The evaluation was performed over several base classifiers, several datasets and several query selection criteria, including dConfidence and its baseline criteria.
These objectives will be assessed from several performance indicators:

error and known classes (see Definition 1), evaluated at each iteration throughout the learning cycle and

firsthit (see Definition 2) and label disclosure complexity (see Definition 3), evaluated once for every combination of dataset, base classifier and query selection criterion.
Performance indicators
Our evaluation will be based on the performance indicators referred above: error, known classes, firsthit and label disclosure complexity.
To make these performance indicators clear, lets assume a generic classification task. C is the set of class labels to learn. C_{ i }⊆C is the set of class labels contained in a training set L_{ i }.
Active learning is an iterative process requiring some prior initialization. C_{1} is the set of labels that are represented in L_{1}, the initialization training set. At each iteration, new labeled instances, called queries, are added to the training set.
Error, is a common assessment criterion for classification tasks. We have computed the progress of the generalization error—the error in the test set—over all iterations as new labeled instances are added to the training set.
Known classes is the number of classes that have representative labeled instances in the training set at a given iteration.
Definition 1
Known classes, kc_{ i } is the cardinality of C_{ i }, i.e., the number of classes given for learning.
Firsthit is defined for each class. It is the number of queries required to identify the first instance of the class for a given dataset, base classifier and query selection criterion.
Definition 2
For each c_{ k }∈C, c_{ k }∉C_{1}, firsthit, fh_{ k }, is the number of queries required to identify the first instance of class c_{ k }. The initialization queries, the instances in L_{1}, are not accounted for.
Label disclosure complexity (LDC) aims to evaluate the ability of the learning process to reveal all the classes belonging to the concept to learn. LDC is inspired on label complexity [22], defined under the active learning setting as the number of queries that are sufficient and necessary to learn the target concept. LDC is the minimum number of queries being required to identify at least one instance from every class to learn.
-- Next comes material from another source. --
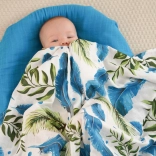 Habillez votre bébé avec confort et douceur. Cette couverture en mousseline de bambou est conçue pour un confort maximal avec un magnifique motif de plumes et de feuilles. Fabriquée à 70% de bambou et 30% de coton, elle est idéale pour les journées chaudes grâce à sa respirabilité et à sa sensation de fraîcheur.

LDC equals the maximum firsthit computed over all the classes for a given combination of dataset, base classifier and query selection criterion.
Definition 3
Label disclosure complexity (LDC) is the minimum number of queries that are required to identify at least one instance from every c_{ k }∈C. LDC is equal to max_{ k }(fh_{ k }).
Experimental setting
The evaluation plan includes two phases, A and B.
Phase A covers objectives (a) and (b) set above (Sect. 4). The experiments in this phase were performed over tabular data. We have used five datasets from the UCI repository [1]:

Iris (one class is separable while the other two are not),

Cleveland heart disease (imbalanced class distribution),

a random sample from Vowels (higher number of distinct classes than the others),

a sample from Satlog (higher number of attributes than the others) and

a sample from Poker (highly imbalanced class distribution).
These datasets were selected for their properties, mainly due to their distinct class distributions (Table 1).
The purpose of phase A is to assess dConfidence on regular data avoiding to add extra disturbing factors that might come by when using unstructured data. As base classifiers, we have used a neural network (NNET), a decision tree (RPART) and Support Vector Machine classifiers with linear kernels (SVM).
Phase B covers objective (c) set above (Sect. 4). For phase B we have selected two highdimensional unstructured datasets. Two samples from traditional text corpora were used:

a stratified sample from the 20 Newsgroups corpus (NG), containing 500 documents described by 10333 terms, and

a stratified sample from the R52 set of the Reuters21578 collection (R52), containing 1000 documents described by 6019 terms.
The NG dataset has documents from 20 distinct classes while the R52 dataset has documents from 52 distinct classes.
These datasets have been selected for their distinct class distributions. The class distribution in NG is fairly balanced (Fig. 4a) with a maximum frequency of 35 and a minimum frequency of 20 while the R52 dataset presents an highly imbalanced class distribution (Fig. 4b). The most frequent class in R52 has a frequency of 435 while the least frequent has only two instances in the dataset. This dataset has 42 classes, out of 52, with a frequency below 10 from which 31 are below 5.
In phase B we have used SVM classifiers in all experiments. SVM are commonly referred as being among the most accurate classifiers for highdimensional input spaces, in general, and text, in particular [10].
The query selection criteria under evaluation are dConfidence and its baseline criteria: standard confidence and farthestfirst. The performance of these criteria on all datasets was estimated with 10fold crossvalidation. Folds are stratified random samples comprising a partition of the working set. Our aim is to compute the number of queries that are required to identify at least one instance from all classes—from which we can compute known classes, firsthit and LDC—and to compute generalization error.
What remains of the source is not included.